# All my fish are Not growing!



## BaoBeiZhu

I ve always had this problem, everyone talks about how big their monsters gets!
but for some reason, my fish just dont grow.. 
my frontosa didnt grow, then i gave it to my uncle it went from 2inches to 4 inches in 1 month
and my fahaka i just bought 3 months ago, didnt grow at all!
its in a 210 by itself!
and yes i do feed them everyday, i feed them krill/bloodworms

someone help me out here.. =(


----------



## fan4guppy

3 keys i find to fishkeeping, Nutrition, Water Chemistry (with proper filtration, etc.) and area.


----------



## BaoBeiZhu

whats up running right now is a 210 with fx5 filtration, is that enough filtration?
or should i add another pump?


----------



## fan4guppy

The Fx5 filtration system is good for tanks up to 400 gallons. 
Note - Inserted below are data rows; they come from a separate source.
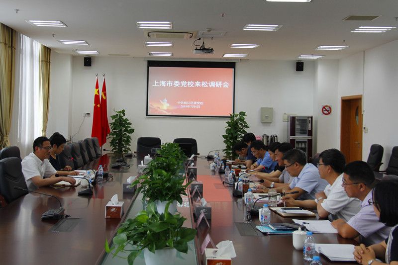 与会人员观看了松江党校《让党旗在党校上空高高飘扬》宣传片,并就教学、科研、行政管理等方面进行了深入的互动交流。
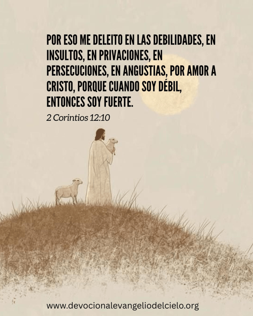 🙏 Oración: SEÑOR, gracias porque en mi debilidad me haces fuerte. Enséñame a no confiar en mí mismo, sino a depender de tu poder en todo momento. Que mi fragilidad sea el lugar donde tu fuerza se perfeccione y tu gloria se manifieste. Amén.
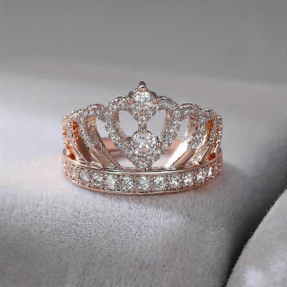 Luxury Crown Rings for Women Rose Gold Color Shiny Zircon Easy Match Queen Crown Ring Wedding Party Jewelry
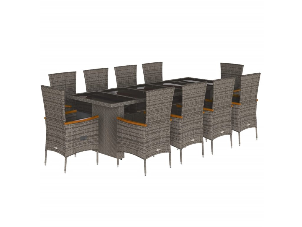 - Materiál: PE ratan, práškově lakovaná ocel, masivní akáciové dřevo s olejovou povrchovou úpravou
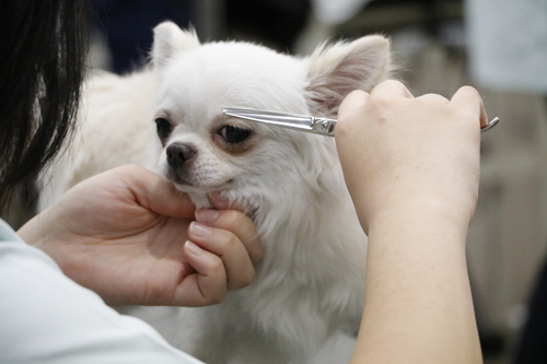 グルーミングの技術だけでなく、犬や道具の取扱いなども審査されます。
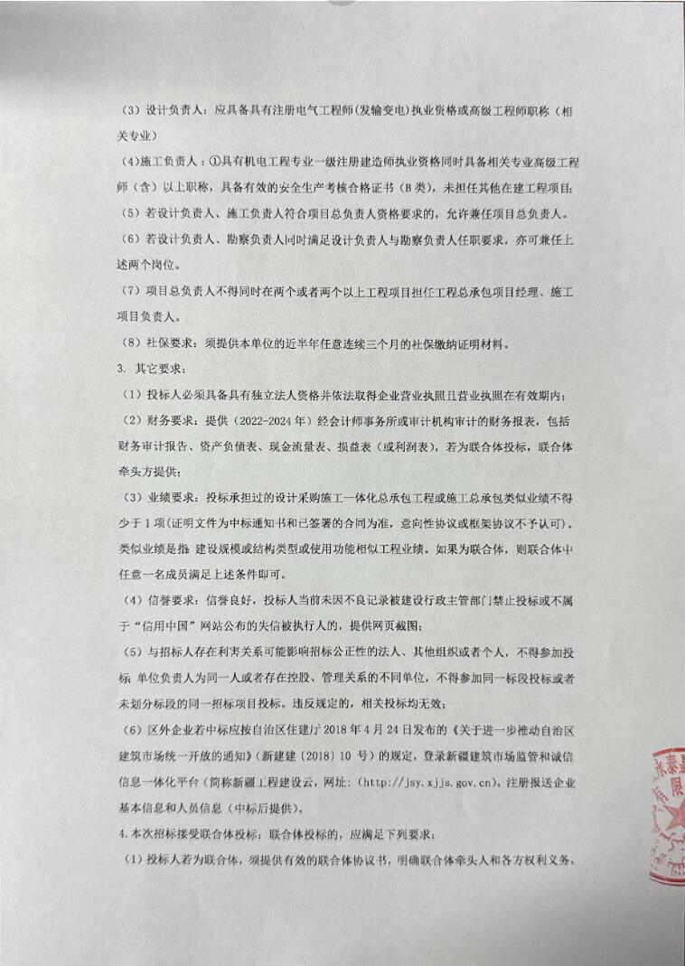 业绩要求:投标承担过的设计采购施工一体化总承包工程或施工总承包类似业绩不得少于1项(证明文件为中标通知书和已签署的合同为准,意向性协议或框架协议不予认可)。类似业绩是指建设规模或结构类型或使用功能相似工程业绩。如果为联合体,则联合体中任意一名成员满足上述条件即可。
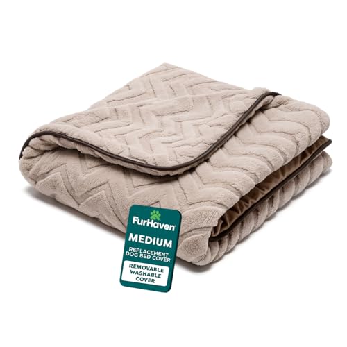 Furhaven ersättning säng överdrag för husdjur – plysch sammet vågor perfekt komfort soffa tvättbar hundsängöverdrag, brunsten, medium
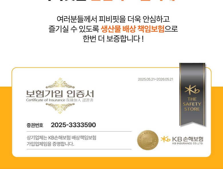 구매안전 서비스 | 02-006-00042 서비스 가입사실 확인 > 본 판매자는 고객님의 안전거래를 위해 관련 법률에 의거하여 쿠팡페이의 구매안전서비스를 적용하고 있습니다. | ||
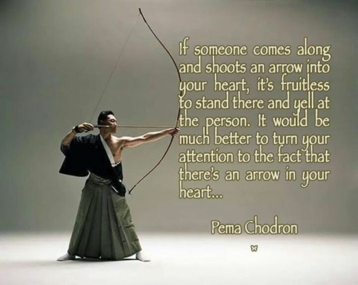 15) “If someone comes along and shoots an arrow into your heart, it’s fruitless to stand there and yell at the person. It would be much better to turn your attention to the fact that there’s an arrow in your heart…” – Pema Chödrön
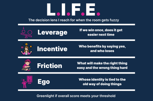 That was the moment I admitted what I already knew. Good ideas often lose for boring reasons. I started naming those reasons out loud, Leverage, Incentive, Friction, Ego, and I used them like a flashlight instead of a fog machine. I call it L.I.F.E., and it is how I decide what to build, what to buy, and whether AI is actually ready for a legal setting that owns real risk, not just a demo reel.
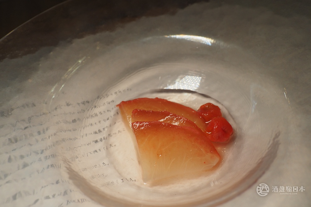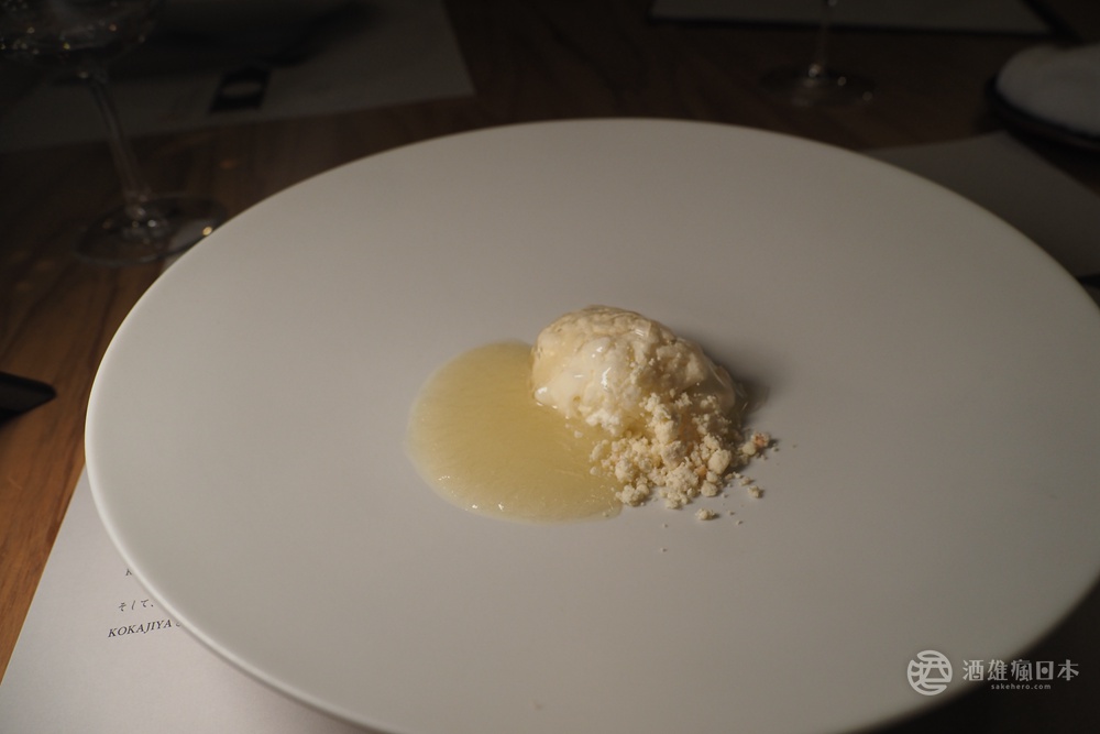 以金巴利減壓調理的白桃,簡單說就是把食材的孔洞擴大,使調味液吃進去食材裡面,又不會受到高溫破壞的調理手法。白桃口感變得QQ的,倒是沒有什麼酒味,吃起來甜甜的很有趣。

You should be good there ... 

How often do you feed your fish, and what you feed are most important I do believe the fish you have is a puffer they really like crab and other types of food...
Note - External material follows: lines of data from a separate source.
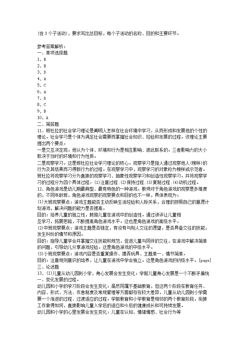 【文档名称】 2015上半年山东教师资格考试幼儿保教知识与能力真题及答案(Word版).doc
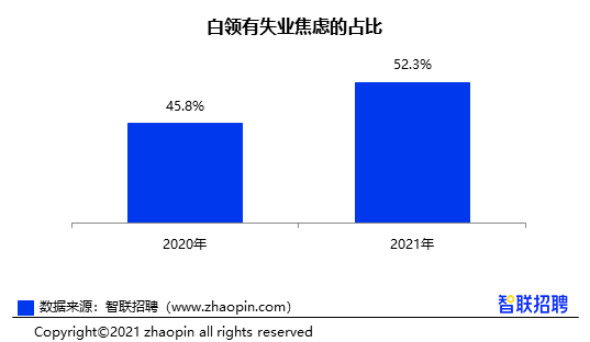 在白领跳槽成功率上升的同时,52.3%的白领仍在为失业风险而担忧,较上一年的45.8%扩张6.5个百分点。
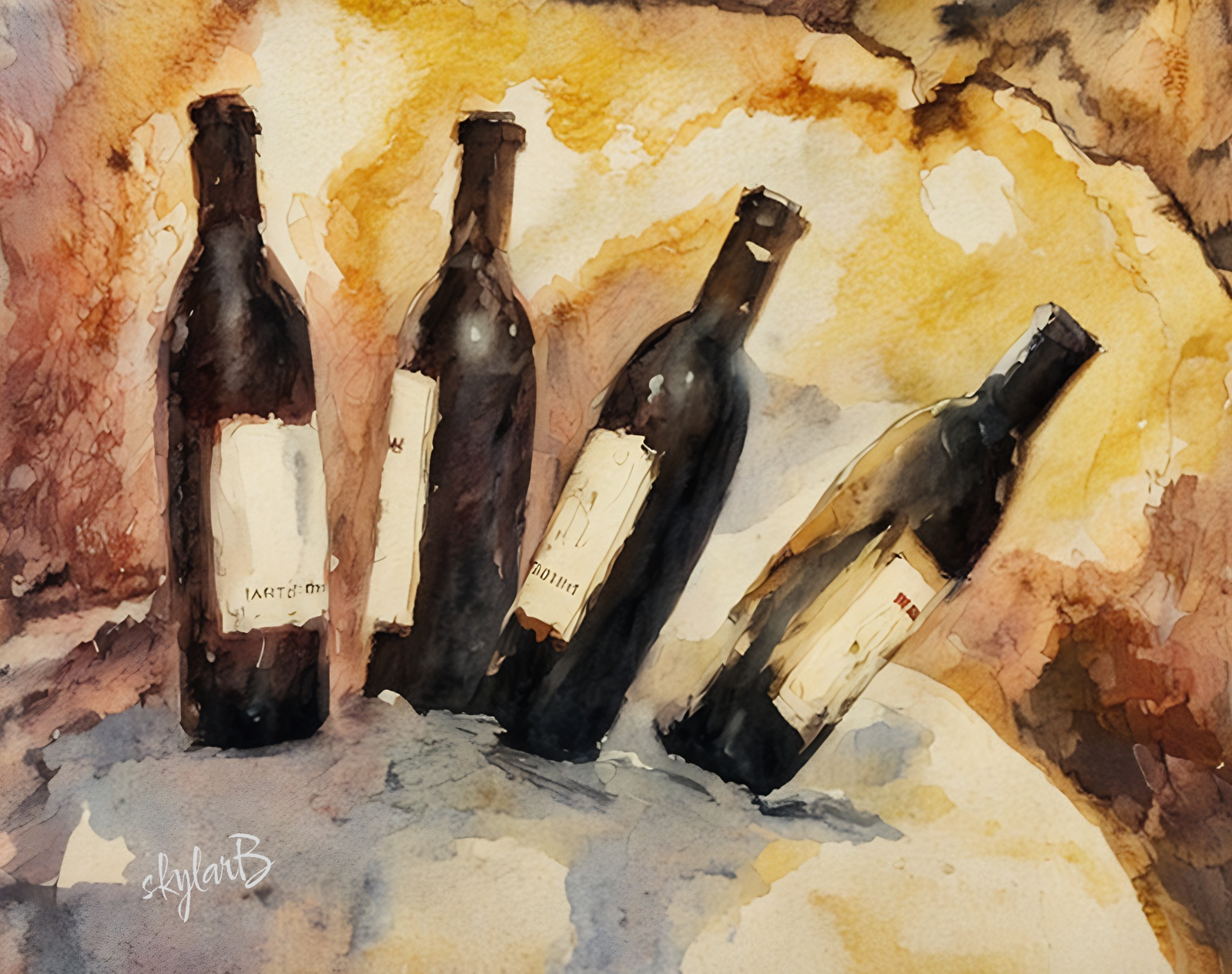 Falling Wine. One of many wine related paintings. This one sold ages ago as well. I have many wine aficionado friends. I never cared for wine much so I stood out at fancy parties and sometimes got the side-eye at fine restaurants in Italy when I asked for a Patron neat. Nevertheless, I got asked for paintings of wine. People liked this one because – OMG a wine cellar disaster!

The puffers have beaks to crush crab, and lobster shells perhaps they eat but the need more nutrition and variety in their diet.


----------



## Pamelajo

How often do you do water changes? I try to do at least 2 water changes a week on fry tanks but I miss the extra one then make sure to do at least 50 - 75%. Most of my fish are okay with big water changes as I don't alter the ph. with the exception of my snail tank, they don't like big water changes.


----------



## Mferko

i think other fahaka keepers setup a small tank to breed marble crayfish to feed the puffers, helps keep their beak worn down


----------



## fan4guppy

Care and feeding:
The Fahaka Puffer or Globe Fish are carnivores. Their natural diet consists of insects, mollusks, and crustaceans; so snails, crabs, crayfish and shrimp would be good choices as food. In an aquarium they will also eat small fish and can sometimes be trained to eat freeze dried krill. This puffer should be fed every other day while small, decreasing this to just two or three times per week as an adult.
Puffers have strong teeth that grow throughout their lives. They need to be offered hard shelled live food often to keep their teeth worn down. Acceptable foods include shellfish, crustaceans and hard shelled foods such as snails will help wear down the teeth. If the teeth get too long, they will be unable to eat, requiring the owner to clip the teeth.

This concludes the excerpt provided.